Nine news journals in Burma have been temporarily suspended after allocating key space in their publications for coverage of Aung San Suu Kyi’s release.
The majority of the nine, which include the Voice Journal and Myanmar Newsweek, carried front-page images of the opposition icon, who was freed from seven years under house arrest on 13 November.
One of the journals, the First Eleven [Sports] Journal which is owned by the Eleven Media Group, was banned for two weeks after carrying the headline: ‘Sunderland Freeze Chelsea; United Stunned by Villa & Arsenal Advance to Grab Their Hope’.
According to the Weeky Eleven Journal, a sister publication of First Eleven, the government Press Scrutiny and Registration Division accused the local journals of breaching media regulations.
It is the first time that a ban has been placed on multiple publications, and follows speculation that the ruling junta may ease tight restrictions on media following the 7 November elections.
Burma’s has some of the world’s harshest media laws, and all printed material is required to go through the censor board prior to being published.

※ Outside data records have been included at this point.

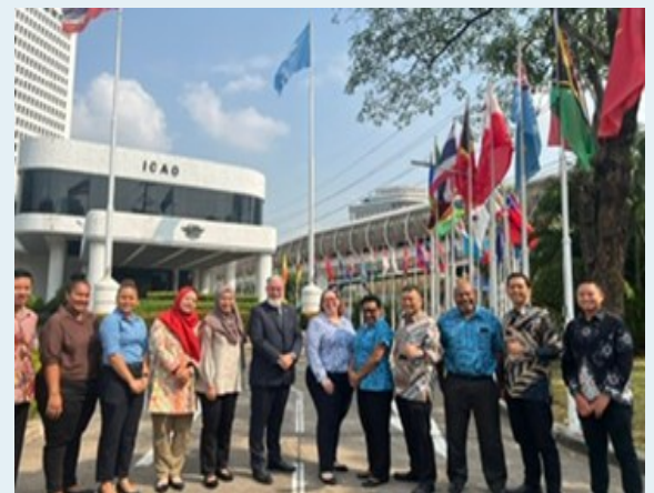
Article and photo by attending CASA team.

enhancing the Safety Management Systems (SMS), State Safety Program (SSP), and National Aviation Safety Plan (NASP). It featured a collaborative sharing of experiences from each State, with a focus on safety performance monitoring and the lessons learned along the way. The session addressed four key areas drawn from Australia's journey in developing their SSP and their second NASP.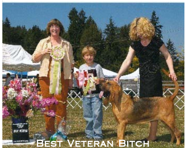
BEST VETERAN BITCH CH SAPPHIRE'S AC COBRA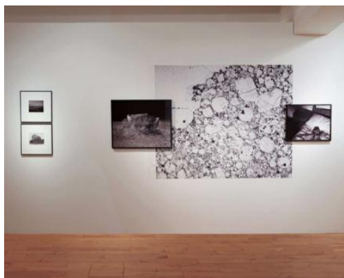
Athens Photo Festival at Benaki Pireos 138, 2024 fine art photographic prints in the wooden baking frame, fine art photographic prints in the passe partou frame, fine art photographic prints.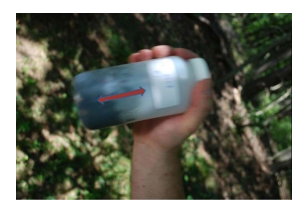
Figure 16: Close the large sampling bottle containing 2 cups of bees (1/4 cup from eight different colonies), tightly seal the lid of the container, and tip the bottle several times to ensure all bees are damp with alcohol.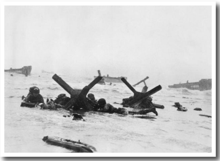
Photographer Robert Capa's famous image of American troops on Omaha Beach during the Normandy D-Day landings on 6 June 1944

About a dozen Australian soldiers were attached to British army formations, learning the ropes in preparation for amphibious operations in the Pacific later in the war. Some 500 Australian sailors served in dozens of Royal Navy warships, from battleships and corvettes down to motor torpedo boats and landing craft. Several Australians commanded flotillas of tank-landing ships, while others piloted landing craft carrying British and Canadian infantry onto the beaches.

It ranked 171 out of 175 countries on last year’s Reporters Without Borders Press Freedom Index.
The Myanmar Times, the country’s leading English-language weekly, was suspended in 2007 after publishing an advert from Danish activists masquerading as travel agency that included the words ‘Killer Than Shwe’, spelt backwards, a reference to the head of the Burmese junta.
Other journals included in the 21 November ban are: 7 Day News, Venus News, Snapshot News, Myanmar Post, Pyithu Khit [People’s Era], and the Hot News Journal, which was also given a two-week suspension.